Реферат: Бессознательное и архетипы как основа интертекстуальности

А. А. Леонтьев

Идея соотнесения психоанализа и интертекстуальности на первый взгляд может показаться странной. Тем не менее, именно сопоставление базовых категорий психоанализа и интертекстуальности наталкивает на достаточно глубокие параллели между техникой анализа сознания, разработанной Фрейдом, и техникой филологического анализа текста в самом широком смысле.

Теория интертекстуальности имеет несколько источников, одним из которых является теория анаграмм Ф. де Соссюра. М. Б. Ямпольский считает, что принцип анаграммы сопричастен принципу интертекстуальности, когда цитируемый текст вложен в цитирующий текст неявно, его надо разгадать. С этим соотносится и идея о пародийном основании интертекстуальности, заложенная в работах Ю. Н. Тынянова. В статье о повести Ф. М. Достоевского "Село Степанчиково и его обитатели" Тынянов показал, что образ Фомы Опискина строится как реминисценция, как пародия на Н. В. Гоголя (см. об этом подробнее: Руднев, 1997, 114). "Выбранные места из переписки с друзьями" и фигура самого автора стали в повести Достоевского смысловой анаграммой. "О том, что в Фоме Фомиче показан Гоголь, не подозревали 70 лет, вплоть до появления статьи Тынянова... и даже, скорее всего, не подозревал Достоевский - интертекст тесно связан с бессознательным" (Там же, 115).

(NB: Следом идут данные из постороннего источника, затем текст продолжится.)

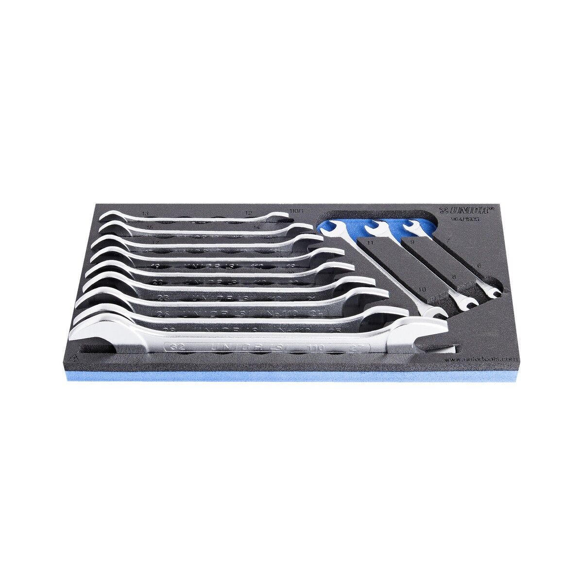 - 12x Doppelgabelschlüssel Dim. 6×7, 8×9, 10×11, 12×13, 14×15, 16×17, 18×19, 20×22, 21×23, 24×26, 25×28, 27×32

Одним из направлений структурной лингвистики, которое возникло в 50-е гг. XX века, стала генеративная лингвистика, основателем которой является Н. Хомский. В основе генеративной лингвистики лежит представление о порождающей модели языка, то есть процесс моделирования языка - порождение речи - происходит от синтаксиса к фонологии, от самых абстрактных синтаксических фигур к простейшим элементам языковой структуры.

Цель генеративной процедуры - перейти от поверхностной структуры к глубинной путем анализа трансформаций (Хомский, 1972). Цель психоанализа - выйти от сознательного к бессознательному при помощи анализа механизмов защиты. Глубинная структура, таким образом, представляется функционально чем-то схожим с бессознательным. Трансформации в генеративной лингвистике и соответствующие им "приемы выразительности" в генеративной поэтике напоминают "механизмы защиты" бессознательного в психоананализе.

В генеративной лингвистике это такие трансформации: пассивная, вопросительная, номинативная, например:

Активная конструкция - Мальчик ест мороженое.

Пассивная конструкция - Мороженое съедается мальчиком.

Негативная конструкция - Мальчик не ест мороженого.

Вопросительная конструкция - Ест ли мальчик морожение?

Номинативная конструкция - Мороженое, съедаемое мальчиком.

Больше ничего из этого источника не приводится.